Scott Carey <scott@xxxxxxxxxxxxxxxxx> · Thu, 12 Mar 2009 14:45:54 -0700

Title: Re:  Proposal of tunable fix for scalability of 8.4 

On 3/12/09 11:28 AM, "Tom Lane" <tgl@xxxxxxxxxxxxx> wrote:

Scott Carey <scott@xxxxxxxxxxxxxxxxx> writes:

> They are not meaningless.  It is certainly more to understand, but the test is entirely valid without that.  In a CPU bound / RAM bound case, as concurrency increases you look for the throughput trend, the %CPU use trend and the context switch rate trend.  More information would be useful but the test is validated by the evidence that it is held up by lock contention.

Er ... *what* evidence?  There might be evidence somewhere that proves

that, but Jignesh hasn't shown it.  The available data suggests that the

first-order performance limiter in this test is something else.

Otherwise it should be possible to max out the performance with a lot

less than 1000 active backends.

                        regards, tom lane

Evidence:

Ramp up the concurrency, measure throughput.  Throughput peaks at X with low CPU utilization, linear ramp up until then.   Change lock code.  Throughput scales past that point to much higher CPU load.

That’s evidence.  Please explain a scenario that proves otherwise.  Your last statement above is true but not applicable here.  The test is not 1000 backends, it lists 1000 users.

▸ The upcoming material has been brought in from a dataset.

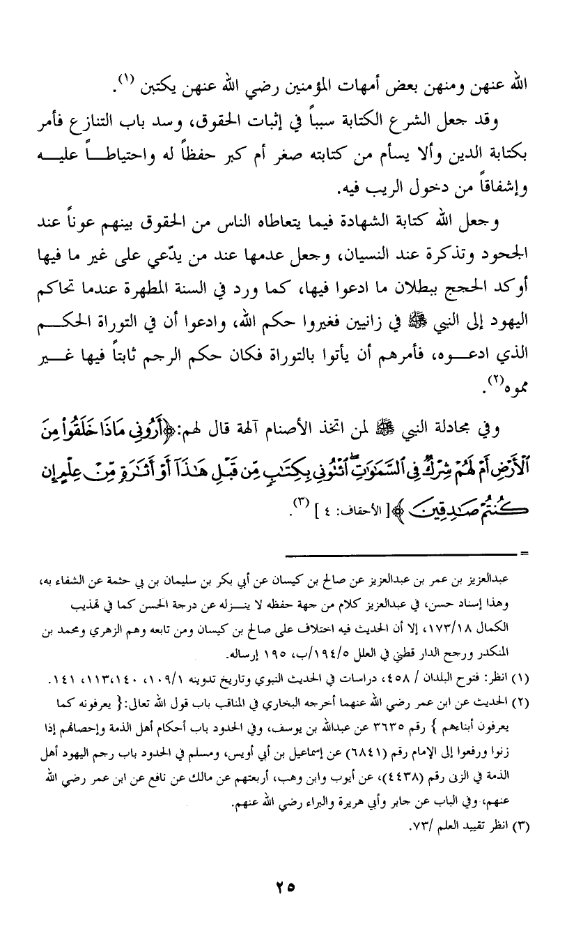 وجعل الله كتابة الشهادة فيما يتعاطاه الناس من الحقوق بينهم عوناً عند الجحود وتذكرة عند النسيان، وجعل عدمها عند من يدّعي على غير ما فيها أوكد الحجج ببطلان ما ادعوا فيها، كما ورد في السنة المطهرة عندما تحاكم اليهود إلى النبي صلى الله عليه وسلم في زانيين فغيروا حكم الله، وادعوا أن في التوراة الحكم الذي ادعوه، فأمرهم أن يأتوا بالتوراة فكان حكم الرجم ثابتاً فيها غير مموه (2) .

There is a key difference between users and backends.  In fact, the evidence is that the result can’t be backends (the column is labeled users).  If its not I/O bound it must cap out at roughly the number of active backends near the number of CPU or less,  and as noted it does not.  This isn’t proof that there is something wrong with the test, its proof that the 1000 number cannot be active backends.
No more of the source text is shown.